Validating the cluster installation
Elasticsearch cluster validation
First, make sure you check all the logs of all the Elasticsearch cluster nodes and that there are no errors, especially errors or warnings about node to node communication. If you see any messages about trouble finding master (see troubleshooting section below), there is probably a problem with the installation.
You can then check the status of the Elasticsearch cluster by accessing the following URL:
http://ES_NODE_IP_ADDRESS:9200/_cat/health?v
You should see a green status. If not, check your installation because something is not set up correctly.
jCustomer cluster validation
First, check the logs in the data/logs directory and make sure there are no errors. If you find any errors, you should check your setup and fix any problems before going any further.
You can then perform the following request to test the status of the jCustomer cluster:
https://UNOMI_NODE_IP_ADDRESS:9443/cxs/cluster
If you get a warning about the site certificate that is normal because by default jCustomer ships with a self-signed certificate (which you should replace with your own once going in production). You will be prompted for a user name and password (by default karaf/karaf which you should also change for any permanent installation). If everything went well, you should get back a JSON structure indicating the active nodes in the cluster. Make sure that everything looks right before continuing the cluster install.
Cluster troubleshooting
In jCustomer, you might want to look at the cluster command lines available in Apache Karaf. Depending on how you launched Karaf, you may either use them directly on the console, or through an SSH connection to the server. To connect through SSH simply do:
ssh –p 8102 karaf@unomi
The default password is "karaf". You should really change the default password upon installation by modifying the <jcustomer-install-dir>/etc/unomi.custom.system.properties
file and changing the value for the org.apache.unomi.security.root.password
property . To get a list of available commands, simply type on the command line:
help
In order to monitor the state of your jCustomer Elasticsearch Cluster, 2 URLs are quite useful: http://localhost:9200/_cluster/health?pretty
: This command retrieves the health of your Elasticsearch cluster (green is good).
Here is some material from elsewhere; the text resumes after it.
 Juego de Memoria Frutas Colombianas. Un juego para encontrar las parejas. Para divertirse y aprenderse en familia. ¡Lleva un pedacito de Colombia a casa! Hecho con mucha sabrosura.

If you face communication issues between your cluster nodes, it will be orange or red. Make sure that all the nodes of your cluster are started in order to get a better idea of your cluster health. https://UNOMI_NODE_IP_ADDRESS:9443/cxs/cluster
: This command gives you a detailed state of your jCustomer node in the cluster.
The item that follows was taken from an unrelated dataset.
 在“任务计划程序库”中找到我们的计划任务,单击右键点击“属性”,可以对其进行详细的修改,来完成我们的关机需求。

Caused by: org.elasticsearch.action.UnavailableShardsException: [context][1] Not enough active copies to meet write consistency of [QUORUM] (have 1, needed 2). Timeout: [1m], request: index
[2017-02-08T10:15:23,571][WARN ][o.e.d.z.ElectMasterService] [RlyE1OZ] value for setting "discovery.zen.minimum_master_nodes" is too low. This can result in data loss! Please set it to at least a quorum of master-eligible nodes (current value: [-1], total number of master-eligible nodes used for publishing in this round: [2])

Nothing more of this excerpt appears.